The Medieval Data Center

The Medieval Data Center

The Medieval Data CenterJust saw that Google has an alligator “guarding” its South Carolina facility. Now folks, that’s some change that we can believe in. Sure its just one lonely gator for now, but I think these guys are on to something. Google, of course, is denying that this is a purposeful move. They’re saying the alligator just moved into one of its rainwater collection ponds—talk about your green initiatives—and this has nothing to do with data center security. I say, boys don’t hide your light under a bushel. This is the kind of innovative thinking that this industry has been dying for. If you’re like me, and I know many of you are, you have become a little jaded regarding what passes for big new ideas in our industry—Cloud! Big Data! Green! Modular! blah, blah, blah. But going back to the time of knights and castles for new security solutions, that’s some out of the box thinking.

Let’s take just a moment to think about the ramifications of what this can mean for data centers. I think whole new vistas just opened up to us. Using carnivorous creatures to safeguard facilities is the perfect way to provide eco-friendly solutions while deterring unauthorized access. If I’m trying to gain entry to someone’s data center am I more worried about some silly thumb scanner or a twelve-foot reptile that could chew my face off? Is there really even a choice? And doesn’t everyone love water front property? Of course they do, and nothing says waterfront like your very own moat. This also presents us with the ability to bring back the old drawbridge, an architectural feature I believe, whose return has been long overdue. This would give new meaning to the phrase “gated access”.

This whole new medieval security trend also offers data center designers a wealth of new design options. Don’t want a moat? Try a den of ferocious animals instead. I’ve always been a tigers and pit man myself. The possibilities are endless. And animals work cheap. No more paying for that security guard dozing off by the loading dock. Just toss Simba some raw meat and you’re good to go. And if that wasn’t enough, we can’t overlook the aesthetic alternatives that this new security paradigm offers us.

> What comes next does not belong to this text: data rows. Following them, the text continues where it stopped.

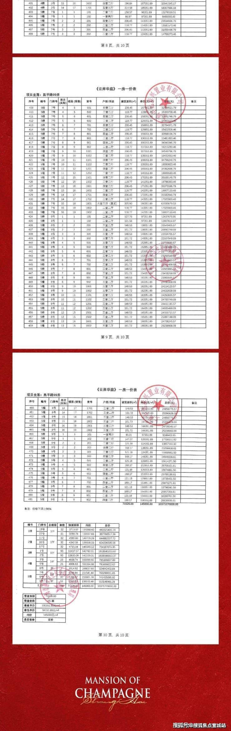 一房一价表如下
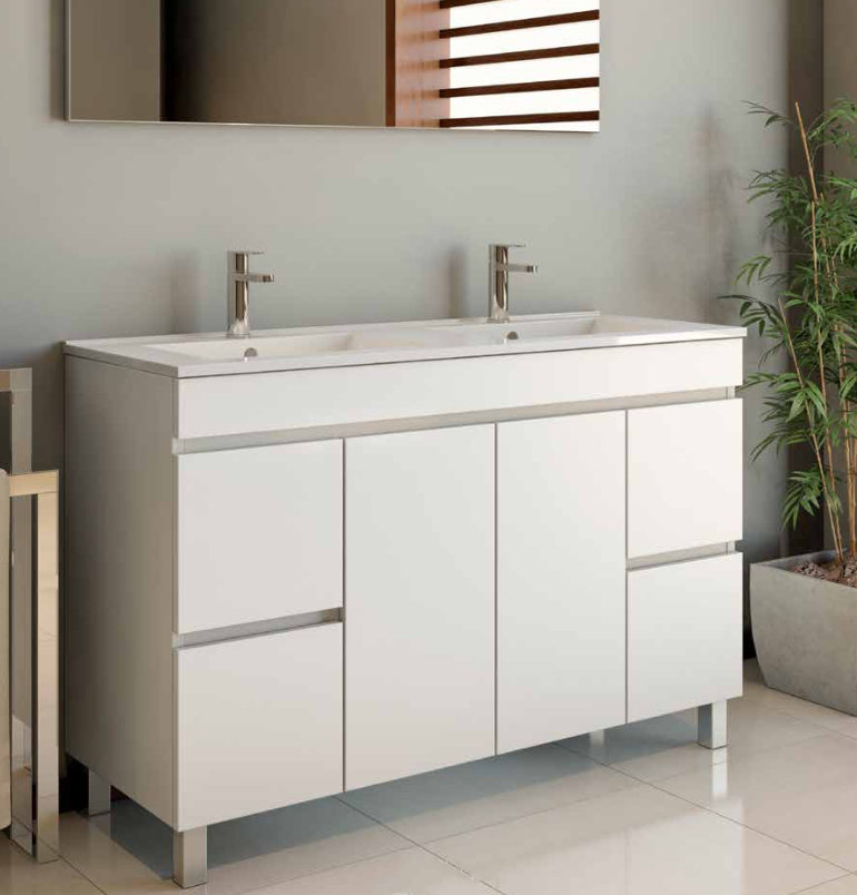 - L120 x A81 x P45 cm: Estrutura com 2 portas + 4 gavetas, Posição do Lavatório ao Centro.
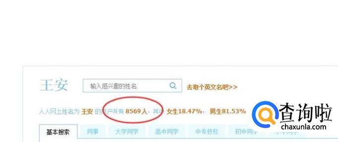 可以看到有8569人叫王安,如下图所示:
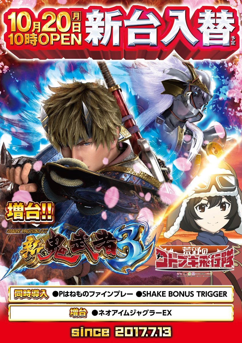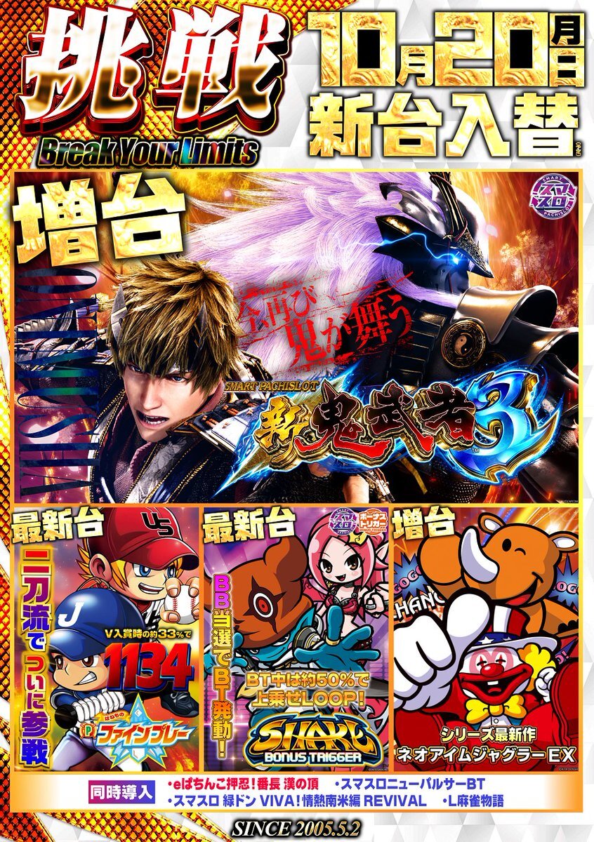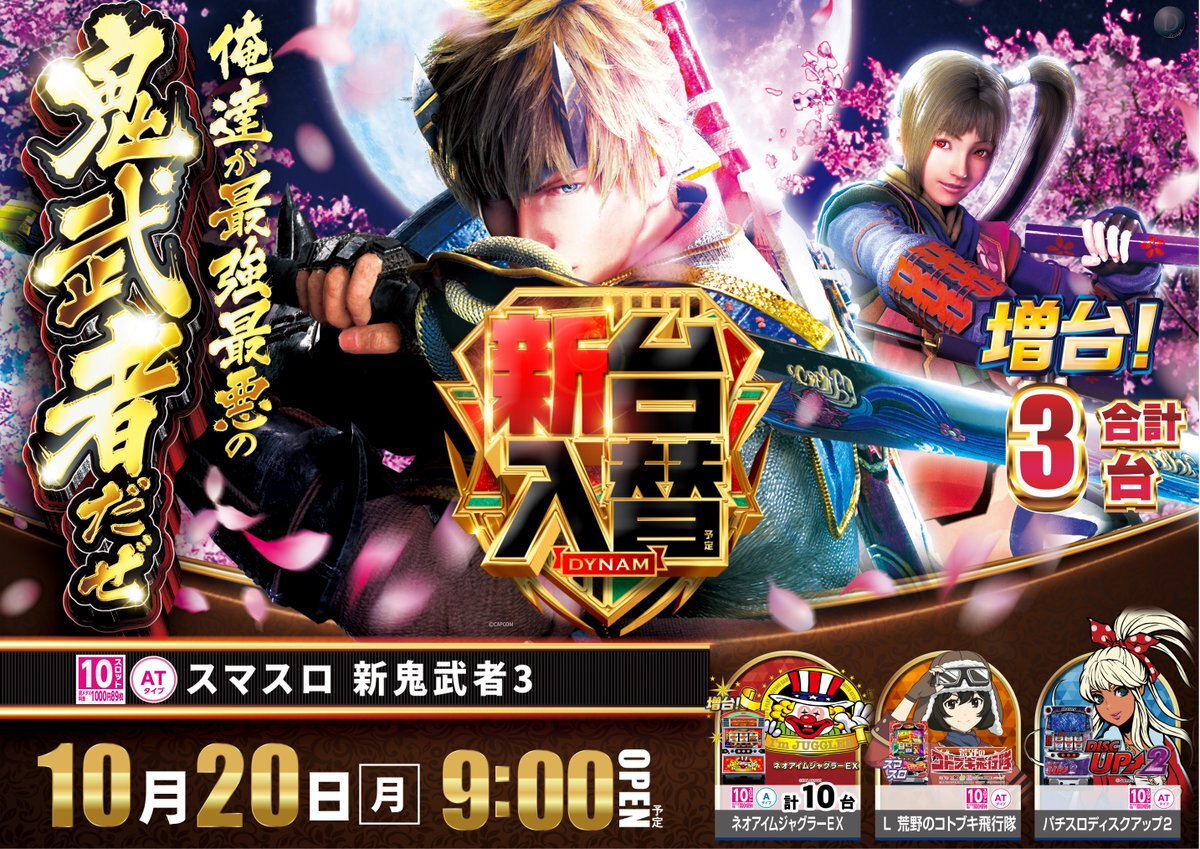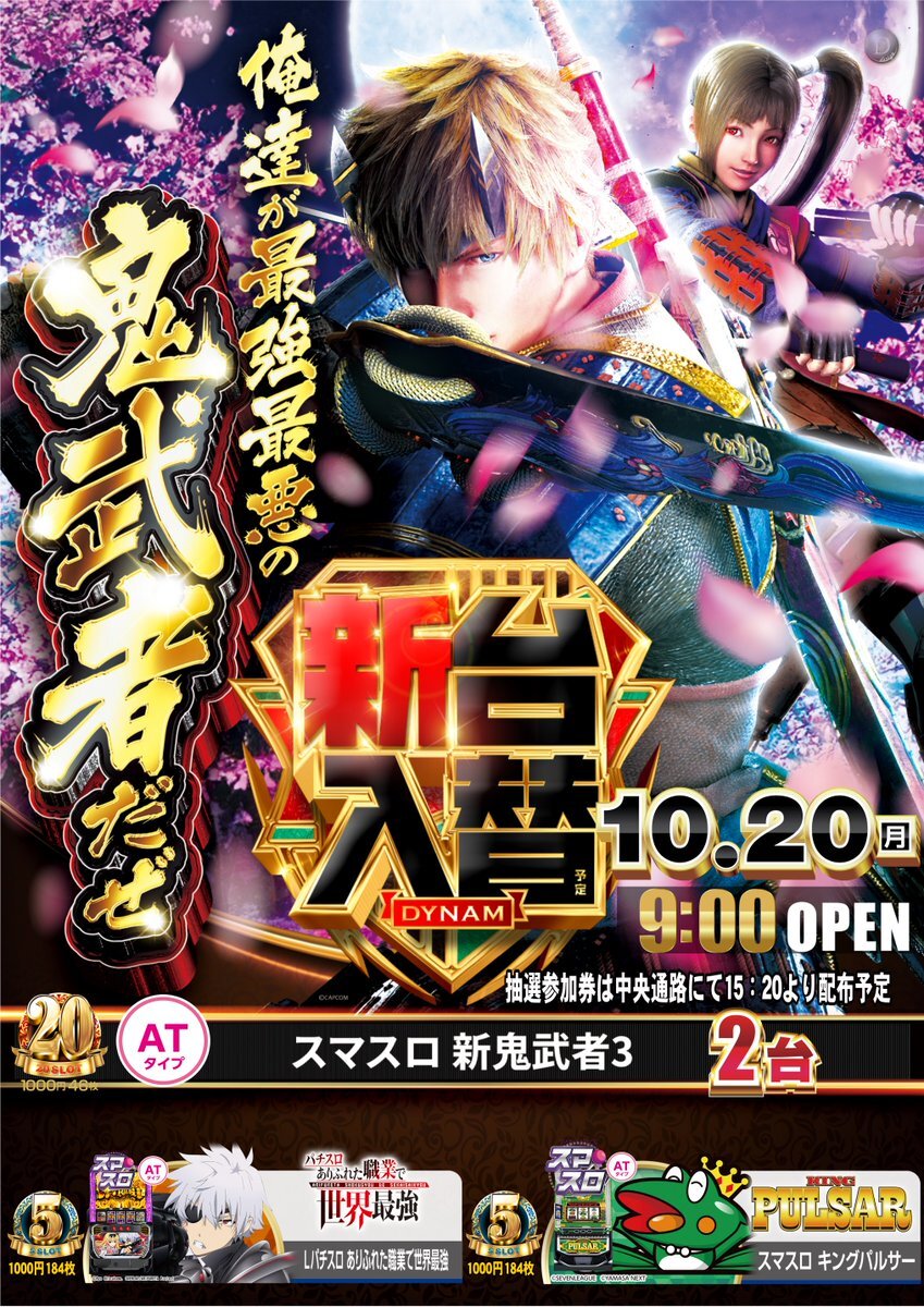 こんにちは!! ダイナム新井店です😃 お待たせいたしました!!! 10/20 月曜日は… 👹👹👹👹👹👹👹👹👹👹 👹スマスロ #新鬼武者3 👹 👹👹👹👹👹👹👹👹👹👹 を始めとした話題機を 8機種12台導入致します!! 新台抽選は15:20~となります👹 ご来店お待ちしております👹 #ダイナム #北斗の拳

Let’s admit it, most data centers look pretty much the same. But can you imagine a data center with those turret towers on each corner—maybe even with archers perched on each one? The prospect of getting thumped in the chest by an arrow is certainly going to deter even the most determined curiosity seeker. And what about catapults? Those things are just plain cool. History is funny sometimes. You think firing flaming balls of hay or giant rocks at potential intruders is just the fond reminiscence of some bygone era, and, suddenly, everywhere you look it’s catapulting, catapulting, catapulting.

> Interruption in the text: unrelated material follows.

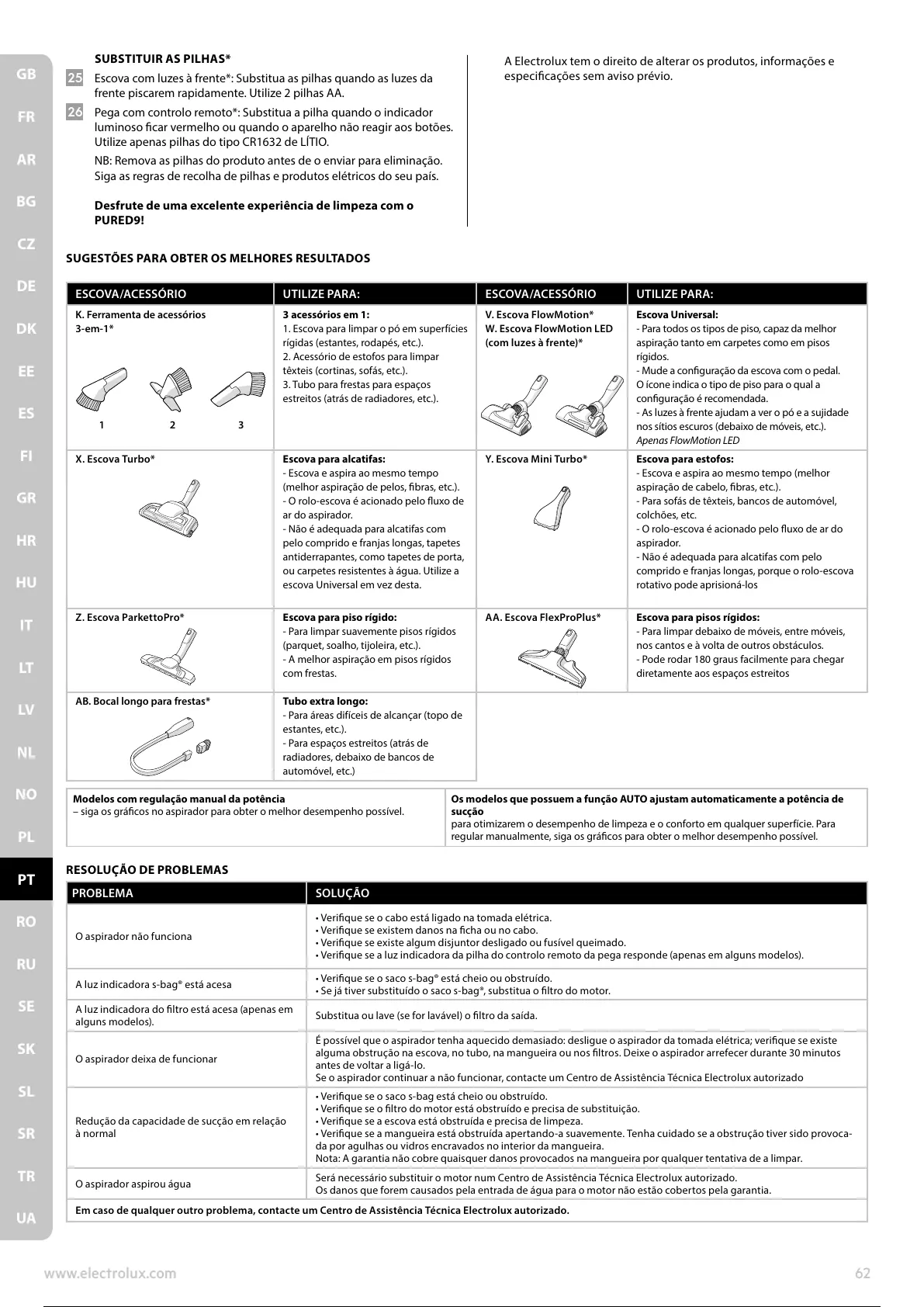 Se o aspirador continuar a não funcionar, contacte um Centro de Assistência Técnica Electrolux autorizado
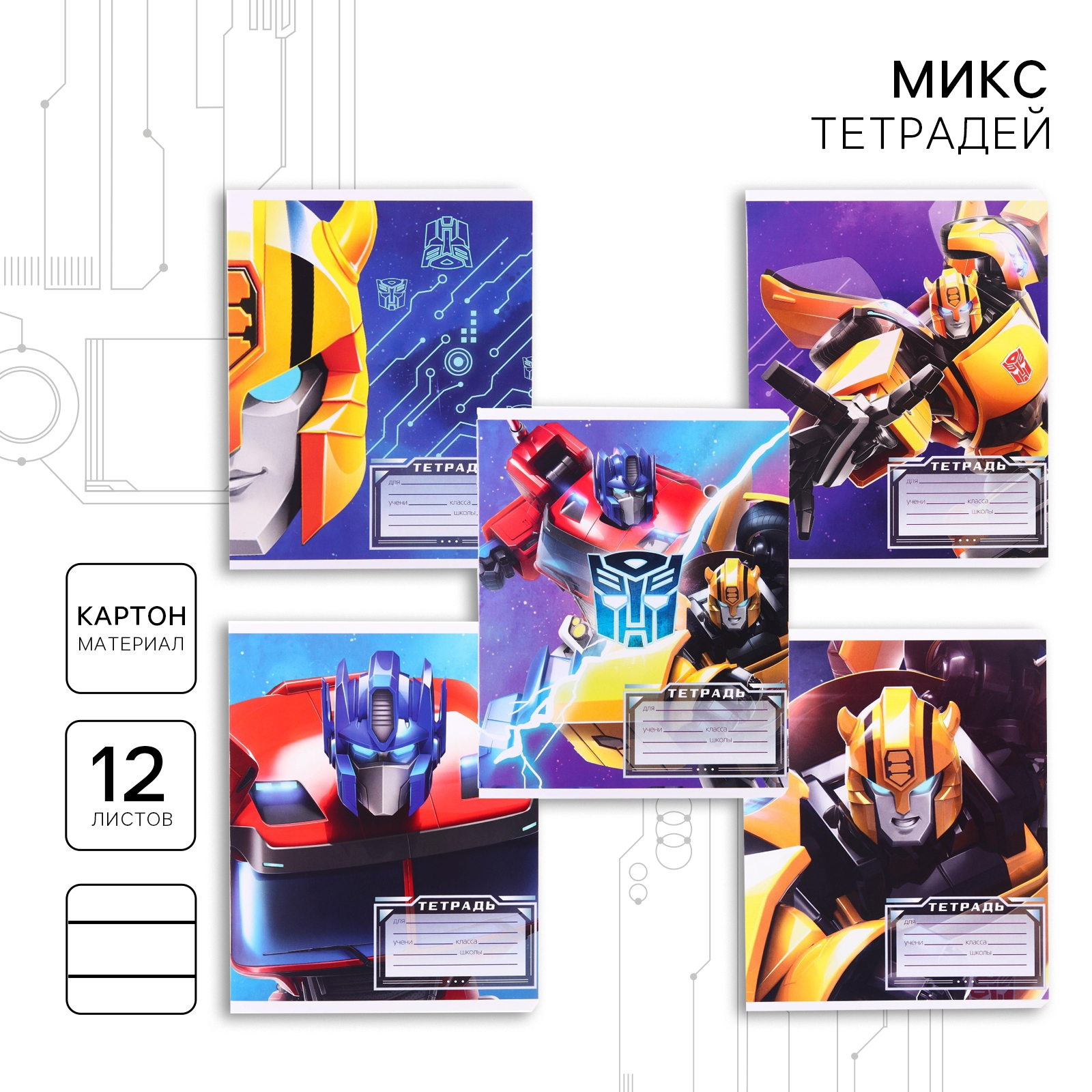 —Тетрадь 12л линейка Трансформеры Микс

I’m sure by now you’re all as thrilled by this data center breakthrough as I am. Let’s embrace this innovation for the creative opportunity that it is. Dare to dream because I don’t think we’re at the stage that we can say any idea is a bad one. Even from a news perspective, the prospects are exciting. Instead of having to read drivel like the “Five Fundamental Rules for a Greener Data Center”, we can look forward to fascinating fare like “How Frank Zappa Inspired Me to Use Flesh Ripping Weasels to Guard My New Data Center”. Boy, I can’t wait, and I bet you can’t either. So now if you’ll excuse me, I have a vat of oil to start boiling.